To address these risks, the guidance advises operators to establish safe operating bounds, monitor models for drift or abnormal behavior, and validate outputs in simulated environments before redeployment. It specifically recommends using anomaly detection, logging, and regular AI red-teaming to identify vulnerabilities and ensure models remain accurate over time

AI data lifecycle and “training risk”

The document introduces new expectations around how OT data is used for training and the risks that come with it:

  • Data assurance & sovereignty: where training data resides, who can access it, and whether vendors can reuse it to train their own models.
  • Exposure of sensitive process data: operational data can become “statistically” embedded in models, persisting beyond its normal retention period.
  • Data poisoning and synthetic data risks: both treated as credible threats to model reliability.

CISA and ACSC recommend implementing strict data governance controls, including encryption, access control, and defined data retention, as well as reviewing vendor practices to prevent unauthorized reuse of operational data. They also urge organizations to validate and sanitize datasets to detect data poisoning or synthetic data corruption before retraining models.

Treating AI as an embedded, safety-relevant component

The guidance integrates AI directly into functional-safety thinking:

  • Explicitly states that AI/LLMs should not make safety decisions autonomously; a human-in-the-loop must be maintained.
  • Requires safety thresholds for reverting to non-AI systems when performance or safety metrics aren’t met.
  • Instructs operators to update safety and incident-response plans to include AI-specific failure modes and malicious activity.

The guide directs operators to test AI systems as rigorously as any new OT system, verifying latency, interoperability, and their effect on safety boundaries. It recommends limiting active control of OT assets by AI without a human in the loop and periodically revalidating model performance to ensure accuracy and safe behavior.

AI-specific development and testing guidance

The guide adopts a secure AI system development lifecycle, emphasizing:

  • How models are trained and updated, and how updates are validated to avoid unsafe changes.
  • The value of AI red-teaming and “offensive” testing focused on model behavior.
  • Cross-references to NIST’s AI RMF and ETSI’s SAI standards as complementary frameworks.

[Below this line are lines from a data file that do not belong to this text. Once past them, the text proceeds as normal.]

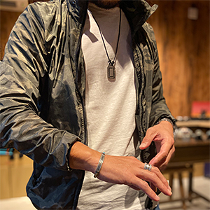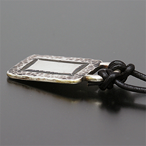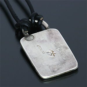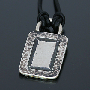 | Blackfoot/ブラックフット族のJames Faks/ジェームス・フォックスに制作を依頼しペンダントです。 タガネをハンマーで叩いて溝を制作することで生れる2本のラインが特徴的なシンプルな作品、ジェームスの代表的技術チェイシングと呼ばれる技法が用いられています。 縁は意図的に叩かれたハンマーの跡が印象的で、シンプルな中にも荒々しさとのバランスが考えられています。 経年変化と共に素朴な風合いをお楽しみください。 | ||
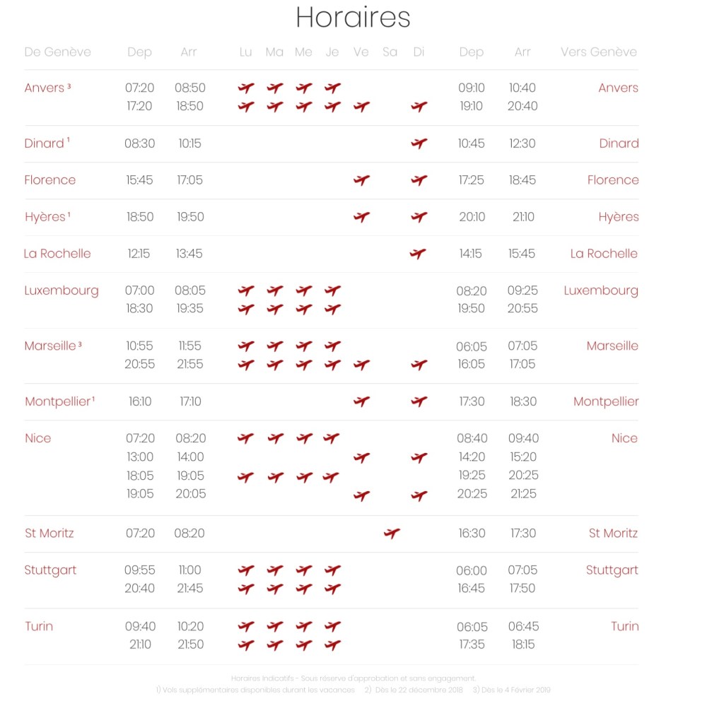 Fino a qualche settimana fa il focus era sopratutto l’Italia con voli verso Bologna, Firenze, Torino e Venezia da Ginevra. Ora rimane solo Firenze con voli bisettimanali contro il giornaliero passato. Torino rimane con le due frequenze al giorno mattina e sera dal lunedì al giovedì. Le destinazioni diventano maggiormente verso Belgio, Francia e Germania. La partenza dei voli rimane invece sempre da ottobre 2018. Un dettaglio i voli non sono ancora in vendita.
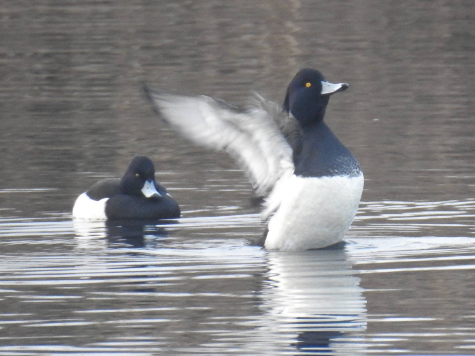 De kuifeendman lijkt op afstand op de tafeleendman . Beide zijn in het midden wit van kleur. Maar de kuifeend heeft een zwarte kop en de tafeleend donkerrood. Maar van veraf is dat al lastig te beoordelen.
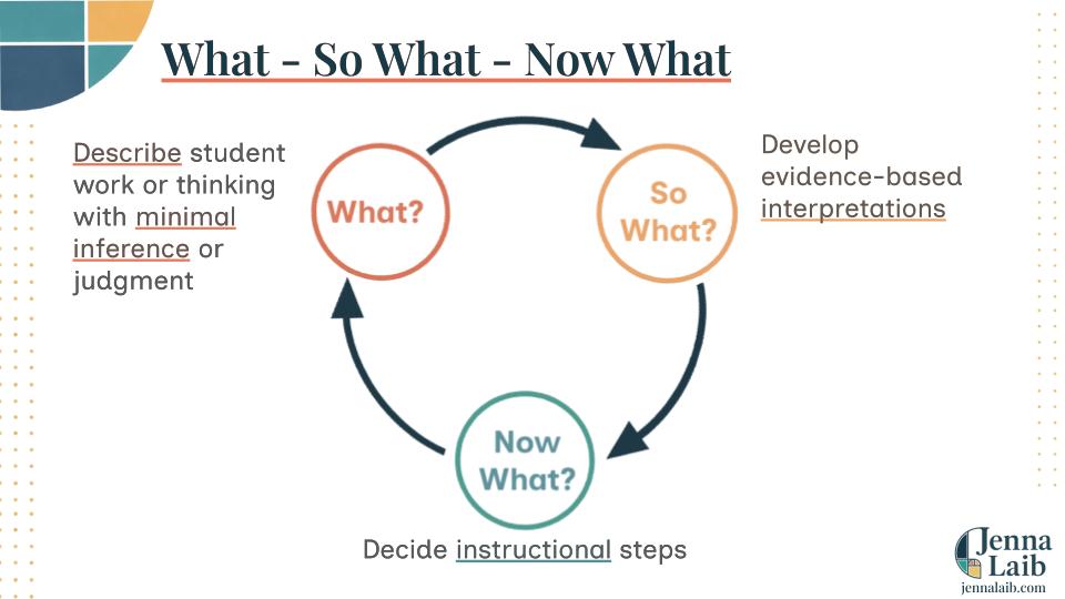 This mirrors some “looking at student work” protocols that I have used with teachers in the past. It’s condensed, but recognizably the same bones. Those protocols are genuinely valuable, and they take time for good reason: developing the muscle of making low-inference observations requires real work and practice. It’s so easy to jump to conclusions! But I wanted to offer something that works on a smaller scale, with fewer steps and layers.

The paper advises adopting a secure AI development lifecycle, integrating continuous validation and threat modeling. Operators are encouraged to continuously test AI models for adversarial behavior and manipulation attempts, and to use simulated environments for retraining and performance verification before production deployment.

Explainability, human training, and cognitive load

A unique human-factors perspective runs throughout the guidance:

  • Train operators to validate AI outputs using alternate sensors or manual checks.
  • Manage AI-generated alarm noise to avoid operator fatigue.
  • Prioritize explainable or transparent AI so humans can understand decisions and auditors can trace them.

To mitigate these human-factors risks, the guide calls for cross-disciplinary training to help OT personnel interpret AI decisions correctly and maintain manual skills. It also recommends adopting explainable or interpretable AI tools that make model reasoning traceable to operators and auditors, strengthening safety and regulatory compliance.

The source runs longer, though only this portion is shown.